From then on, we became rather apprehensive of letting him out. As a result, we were constantly tortured by his wailing. Day and night. Sometimes the sounds he would make would be so mournful and pitiful that you could cry with him, while at other times it sounded very deliberately rude, annoyed, or plain manipulative. It never ceases to impress me how he can convey such an extremely wide range of emotions with what could seem as just one, wailing sound. My Dad started to threaten that he’s going to kill him someday, Sofi would yell at him if he came near her even if he wasn’t crying, because she was so fed up with him, Mum started to close him in the laundry room for the night, where he likes to be and where we’d hear him a bit less, and I was reluctant to have him in my room, as the only reason for which he seemed to come in here was to keep wailing. Yet we all felt very sorry for him and wanted to help him somehow. Letting him be outside just didn’t seem like the right way to help long-term, and we were short of any other ideas.

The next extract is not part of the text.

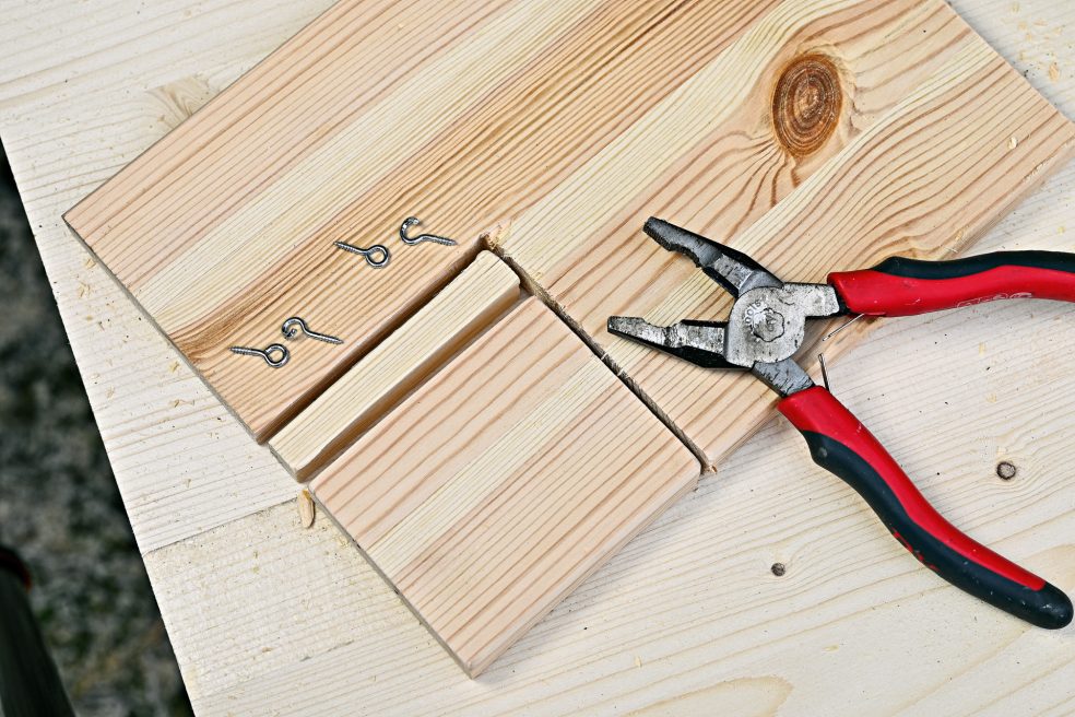 Dvoje ušesc s kleščami razprite. Dve zaprti ušesci privijte v viseča vrata in dve razprti v steno. Obesite vrata in s pomočjo klešč stisnite ušesci ponovno skupaj.

Mum and me, however, had been considering for quite a long time to take him to a cat behaviourist to talk about some of his problems, like the constant grooming. So finally it seemed like the time was more than right. Mum already went to that behaviourist with Misha and Sasha (the little kitten we had for a while with whom, or should I say due to whom, we had some problems), and he was very helpful and insightful. So I guess both of us were hoping for something similar this time around. Some insight, about what we might be doing wrong, and what we should do etc… Maybe he would help us understand this little Mish brain a little better.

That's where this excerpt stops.